## Task material
--- START ---

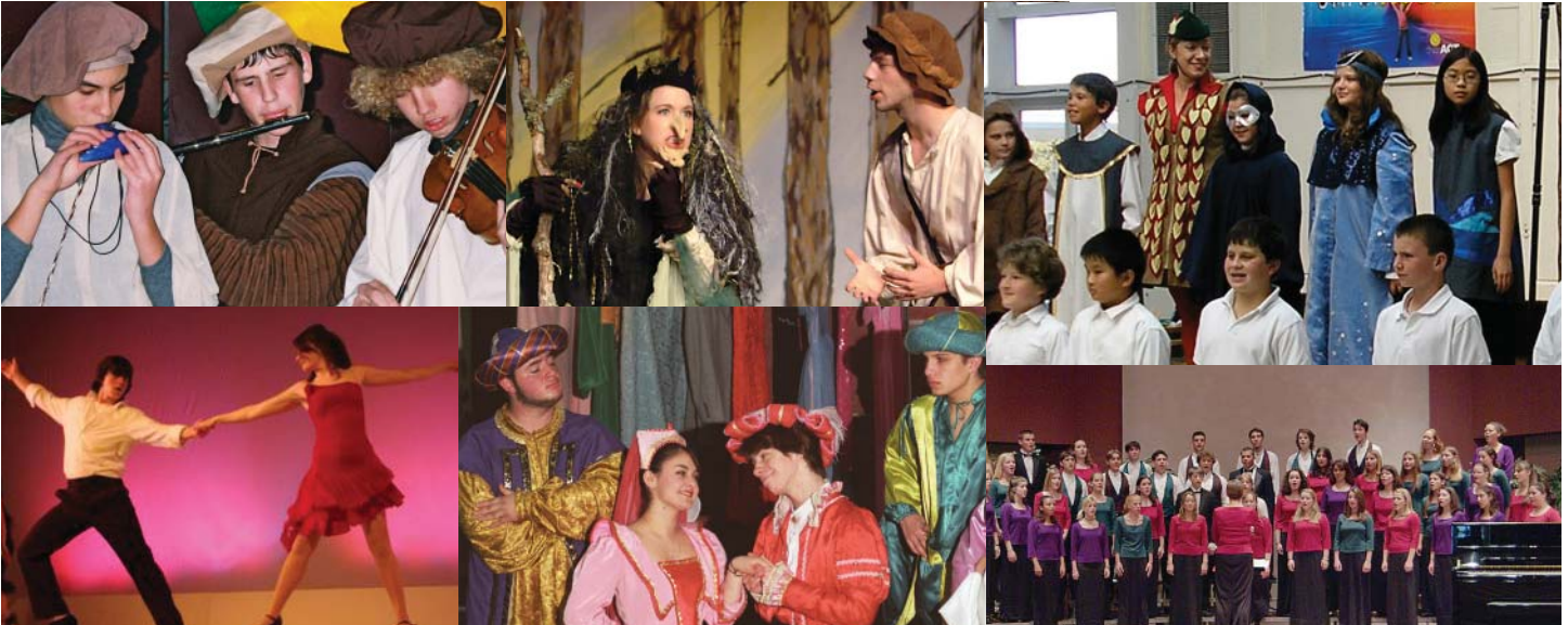
Students from Lynwood Elementary, San Marin HS and Novato HS demonstrate their visual and performing arts skills.
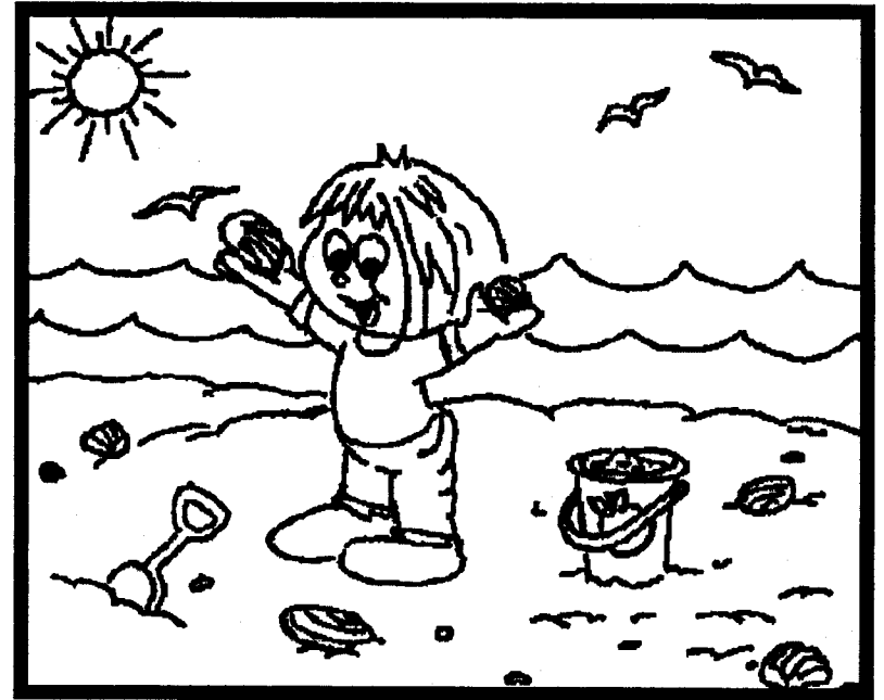
SALLY SEES SEASHELLS: Can you find the differences between the two pictures? There are at least 16 differences.

Look for the words in the puzzle from the words in the WORD LIST below. The hidden words might be up, down, sideways, or slanted (not backwards).
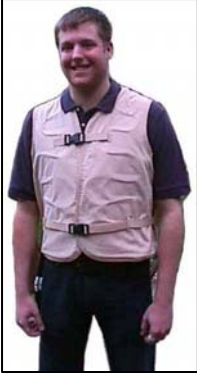
R. Polar Therapy Vest
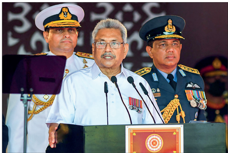
As president, Gotabaya Rajapaksa enjoys immunity from arrest, and he is believed to have wanted to go abroad before stepping down to avoid the possibility of being detained.

PRESIDENT Gotabaya Rajapaksa fled Sri Lanka on Wednesday, a government official said, just days after protesters stormed his official residence as the island nation grapples with its worst economic crisis since independence.
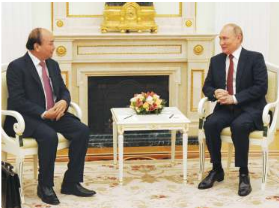
President Nguyen Xuan Phuc (L) affirmed that Vietnam always treasures its comprehensive strategic partnership with Russia during his talks with Russian President Vladimir Putin in Moscow on November 30

At the 31st Diplomatic Conference recently held in Hanoi, Minister of Foreign Affairs Bui Thanh Son emphasized that Vietnam should create a new transformation in diplomacy.
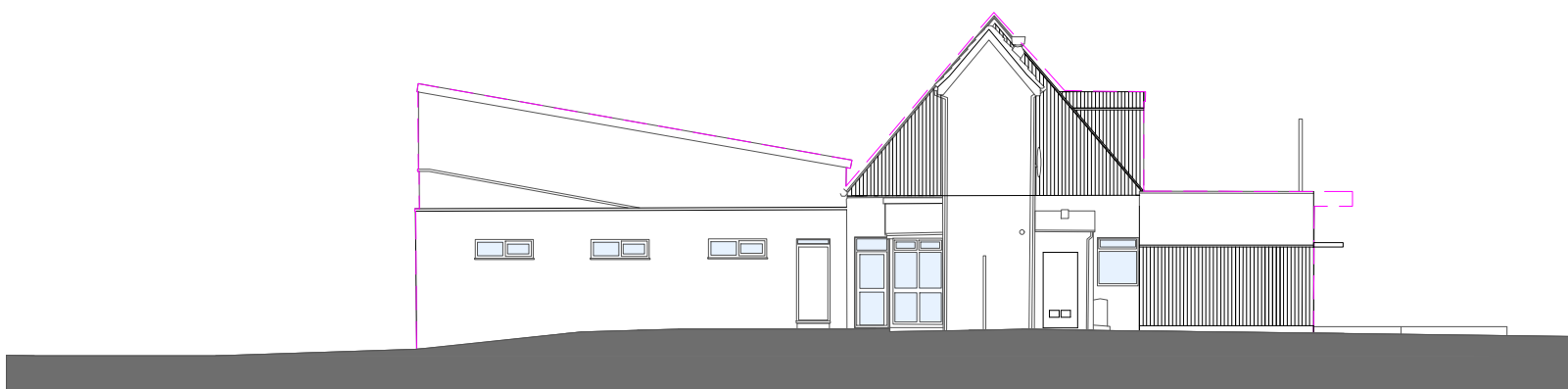
1 South West Elevation
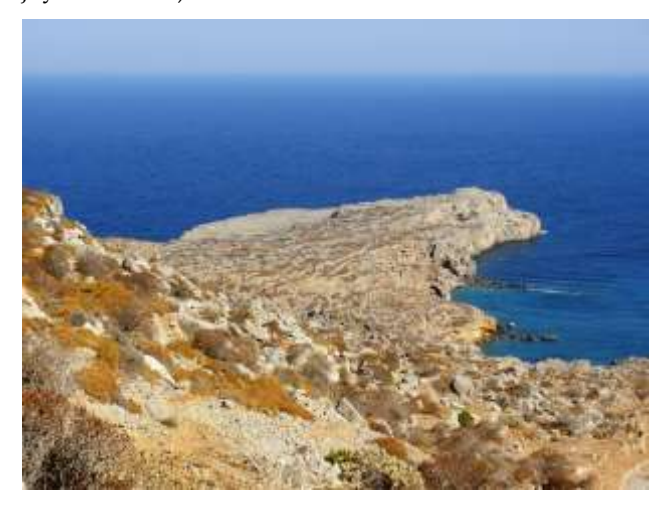
Figure 3: View of Vrykous.

floor exposed at the Tsekou plot in Pigadia produced a large quantity of pottery of LM/LH III date, some of which may have been imported from either Crete or the mainland, exhibiting affinities both with vessels from Rhodes and Palaikastro on Crete (Zervaki, 2003: 64). The assemblage also includes locally made utilitarian pottery which suggests that, although the local household maintained contact with major centres of the time and imported and imitated fine ware, they nevertheless chose to cook in their own local vessels (Zervaki, 2003: 65). Mycenaean sherds are also attested in the north of the island at the site of Vrykous (Figure 3) (Hope Simpson and Lazenby, 1962: 161). Evidence dating to the LM/LH IIIB phase, shows a decrease in the distribution and numbers of Mycenaean pottery on islands of the southeast Aegean, suggesting a continuing but decreased Mycenaean presence in the region (Mountjoy, 1993: 173).
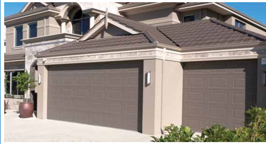
▲ PRESSED PANEL Sectional Door

There are four Standard Sectional Doors available which include: Pressed Panel, Ribline, Fineline and Flatline 0.6 Embossed profiles. They are manufactured from BlueScope Colorbond Steel, featuring custom sizing and hemmed inside edging for additional safety. Along with these features, heavy duty hardware and a reliable automatic opener will provide years of trouble free operation.
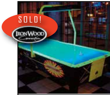
DYNAMO HOT FLASH BACK-LIT AIR HOCKEY
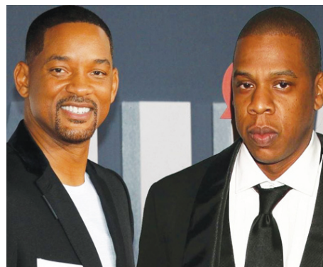
Will Smith and Jay-Z

"As part of its service, Landis provides coaching for clients on how to manage their finances to improve their credit and
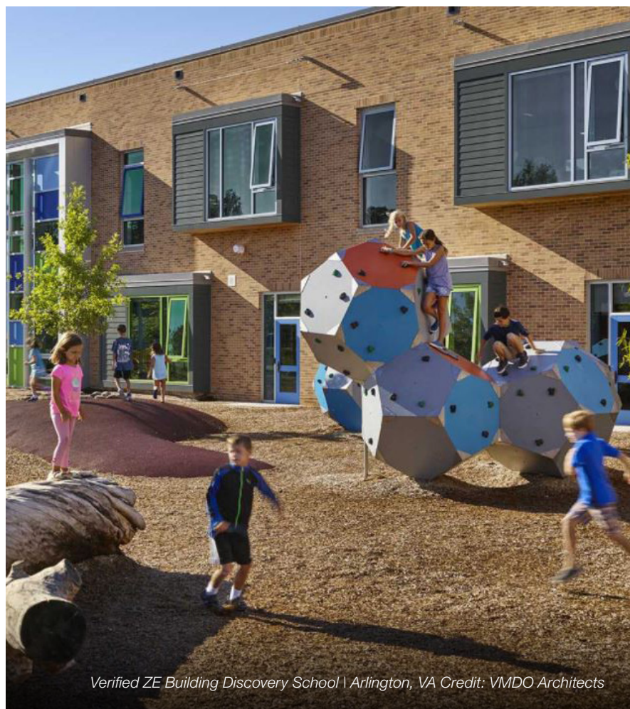
Verified ZE Building Discovery School | Arlington, VA

We know there are more projects than we have captured here. We encourage you to submit zero energy and ultra-low projects through our registry so we can recognize these leaders in the growing field of zero energy buildings.
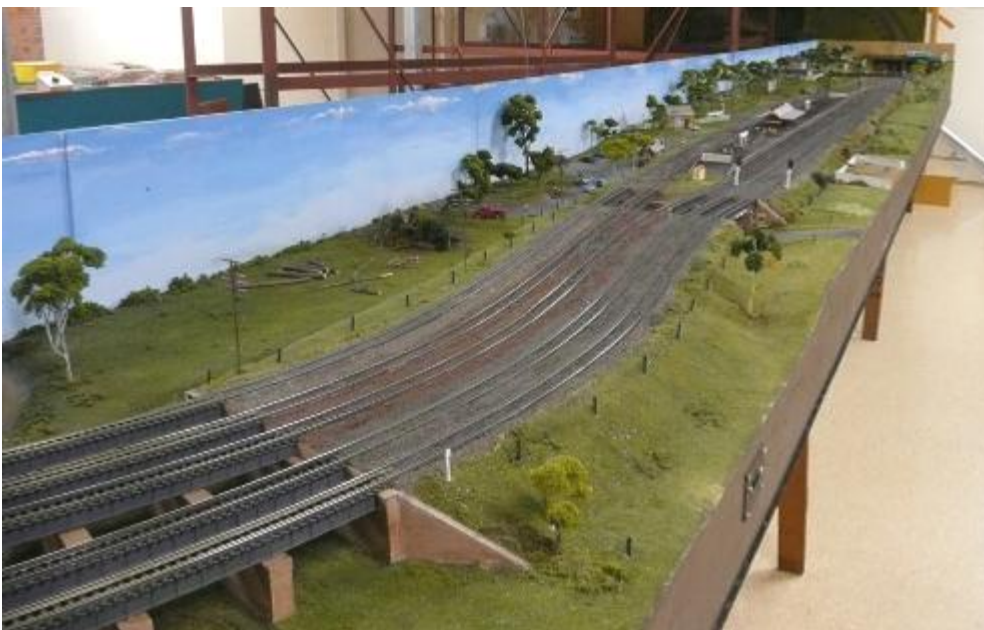
LEFT: East Matelend set up for a trial run.
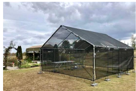
Shade Structure.

Also in November, the CCMGA gathered to assemble its new 18'x 20' steel framed Shade Structure, made possible by a submitted and awarded CAWACO grant. The new structure is located at the association's Demonstration Garden and will serve as a multi-use outdoor classroom, providing educational opportunities for the residents of our community. Closing out 2023, the CCMGA will have its annual Christmas luncheon and Gift Swap while making plans for a prosperous 2024!
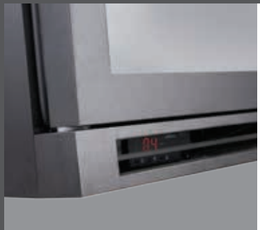
Style ventilation opening at the bottom (DBC models only)
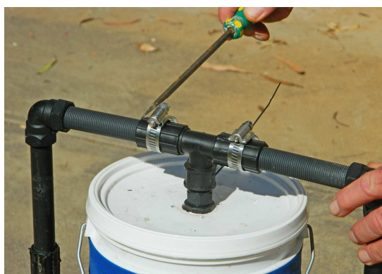
Step 6. Use a screw driver to tighten the clamps

To remove the float and the polyester cloth, do the steps in reverse order.
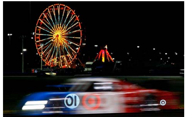
Scott Pruett, Juan Pablo Montoya and Salvador Duran won the Rolex 24 at Daytona last month.
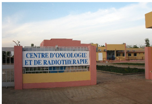
Radiotherapy Center Bamako, Mali
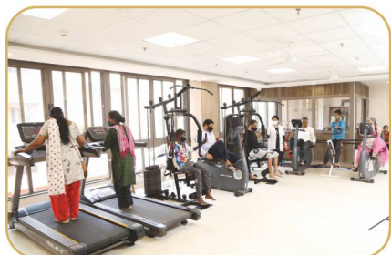
Rotary Physiotherapy Centre
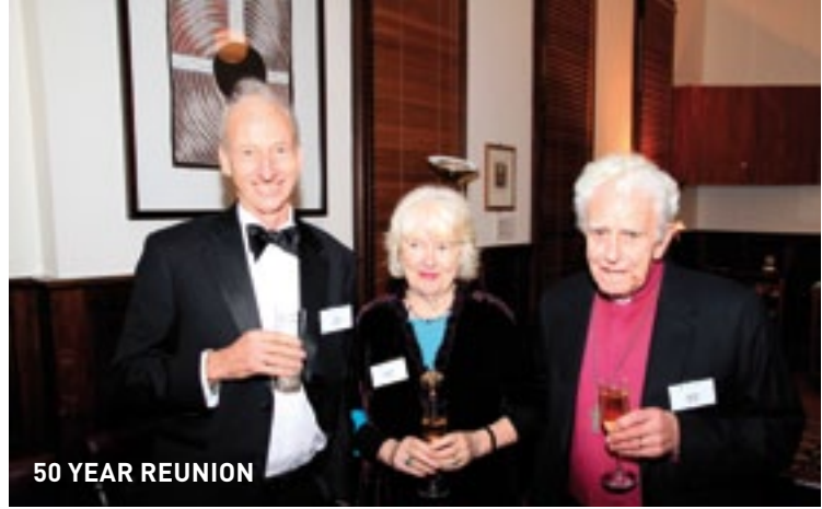
50 YEAR REUNION
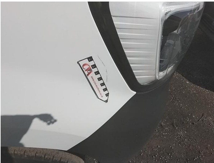
11: Wing osf Scratched Over 25mm Not Thru Paint
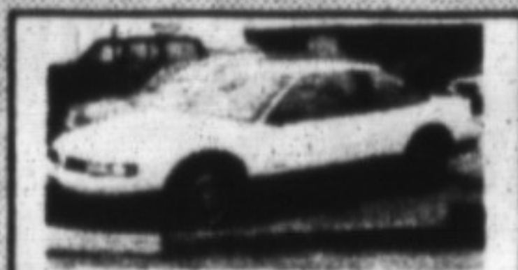
1989 OLDS CUTLASS SUPREME SL

Only 49,000 km!! One owner, V6 engine, fully loaded incl. air, FE-3 suspension, trunk rack & much, much more, balance of GM Total Warranty, Stk #4167.
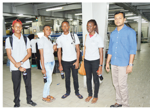
Tusiime Secondary School students pose with Mo Cola drinks in a group photo at A-One Products and Bottlers factory
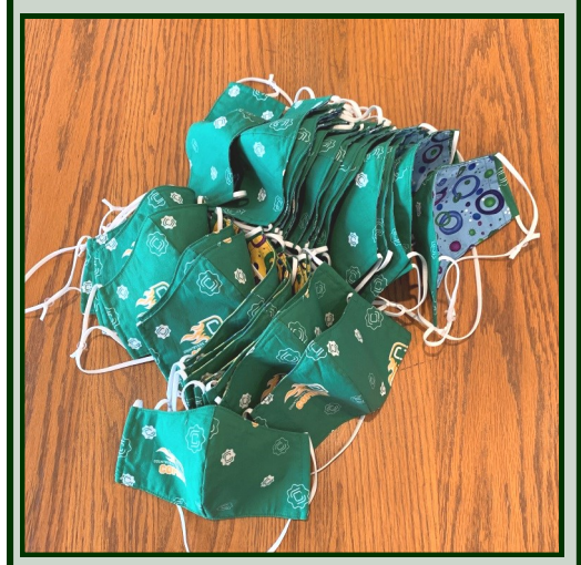
Face masks from custom Countryside logo material handmade by an anonymous family

These gestures of kindness were greatly appreciated.
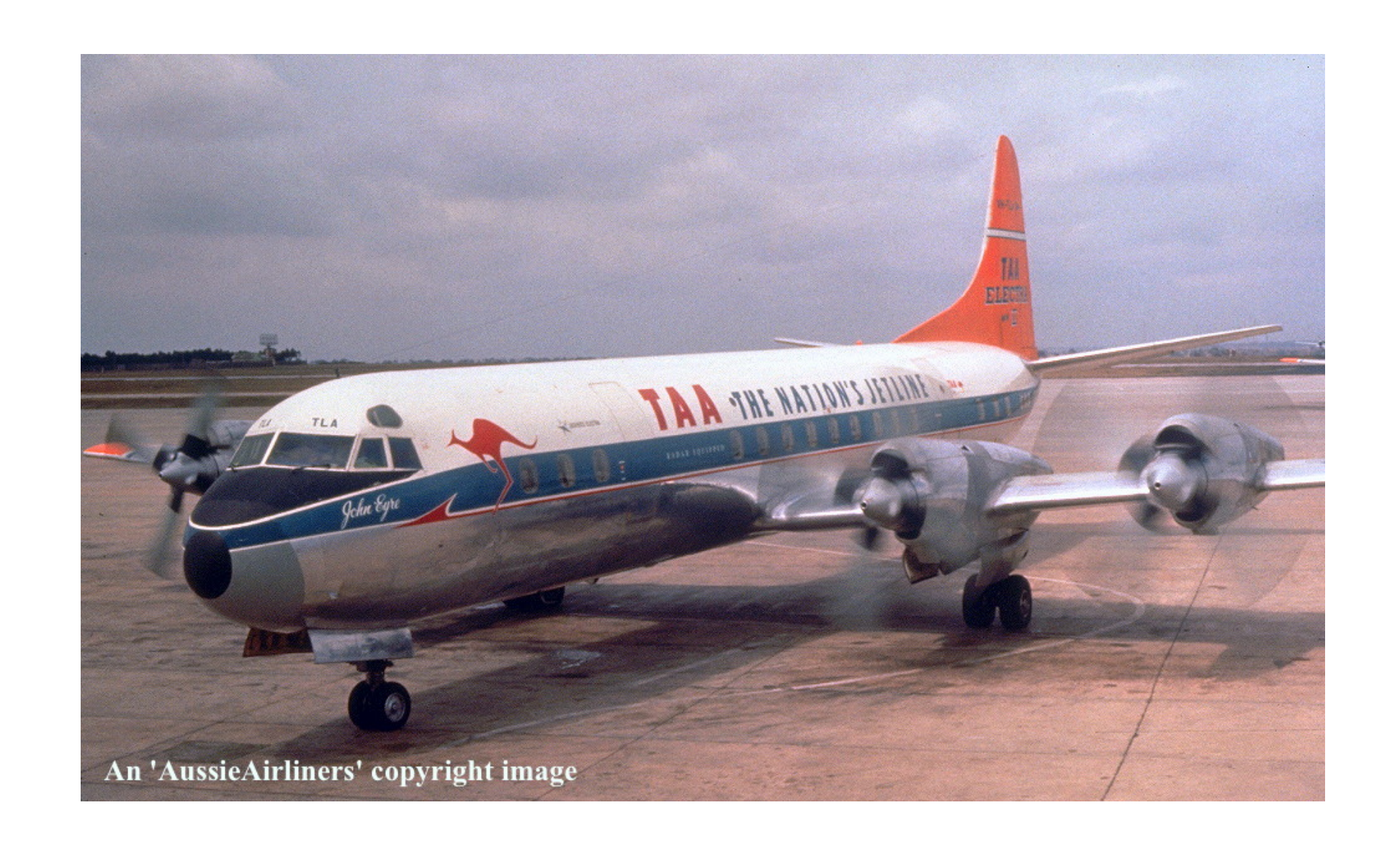
VH-TLA. 'John Eyre' - Brisbane Archerfield Airport - July 1962.
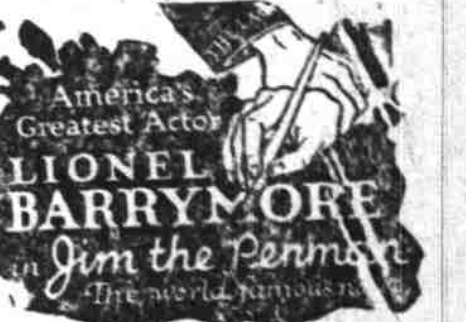
LIBERTY Next Thursday

Simpson (greeting his old friend)—Why, Jones, it's ages since I saw you last. Married now aren't you? Jones—No, no, old man, it's not that. Just business worries and nerves.—Sydney Bulletin.
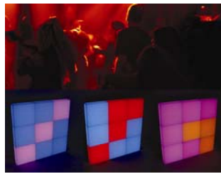
LED Pannel – sound motion
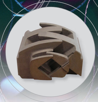
Clamping jaws replacement set for PS 4.5 and PS 6.6 made from coated aluminum-cast. Extension of the dimension of the PS 6.6 up to a OD min. 1.181 inch. Code 790 048 380
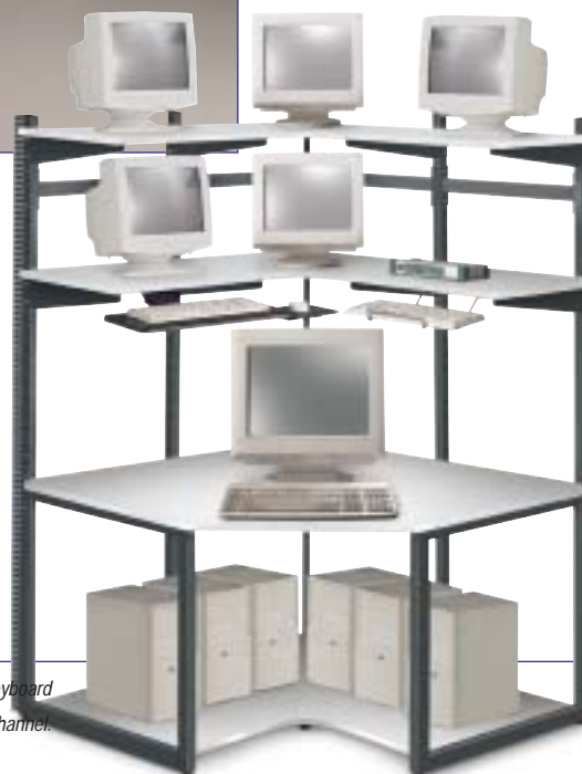
211CNR Corner Unit shown with optional keyboard supports and cable management channel.

The e*LAN Racking System is an EFFICIENT, COST-EFFECTIVE solution for network storage. Five standard configurations meet virtually any need and SHIP COMPLETE IN ONE CARTON. Stations feature spacious worksurfaces, FULL-WIDTH SERVER SHELVES and multiple equipment shelves that adjust in 2" increments. It's simply the BEST VALUE on the market for open racking systems! Add or take away shelves as your needs change. Optional 2" diameter locking casters are easy to install and allow the stations to become mobile.
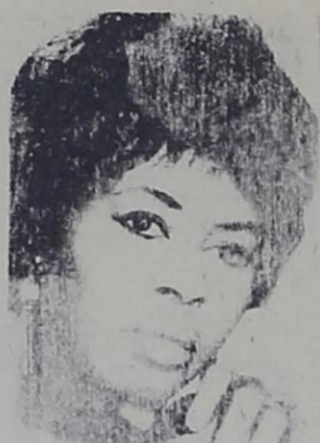
SEE AND HEAR THESE RECORDING STARS LOWELL FULSON, FREDDIE KING, POSCOE SHELTON
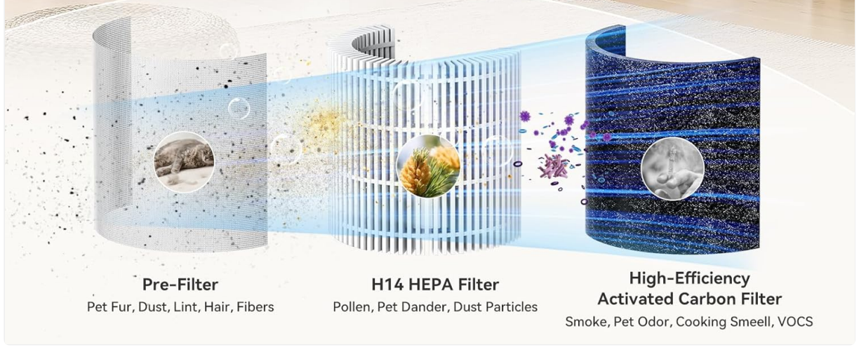
Figure 2: Diagram illustrating the 3-stage filtration system, including pre-filter, H14 HEPA filter, and activated carbon filter.

--- END ---

## Problem to solve
Pull out all lines containing the word "Shade" from the entries above.

## Expected answer
Shade Structure.
Also in November, the CCMGA gathered to assemble its new 18'x 20' steel framed Shade Structure, made possible by a submitted and awarded CAWACO grant. The new structure is located at the association's Demonstration Garden and will serve as a multi-use outdoor classroom, providing educational opportunities for the residents of our community. Closing out 2023, the CCMGA will have its annual Christmas luncheon and Gift Swap while making plans for a prosperous 2024!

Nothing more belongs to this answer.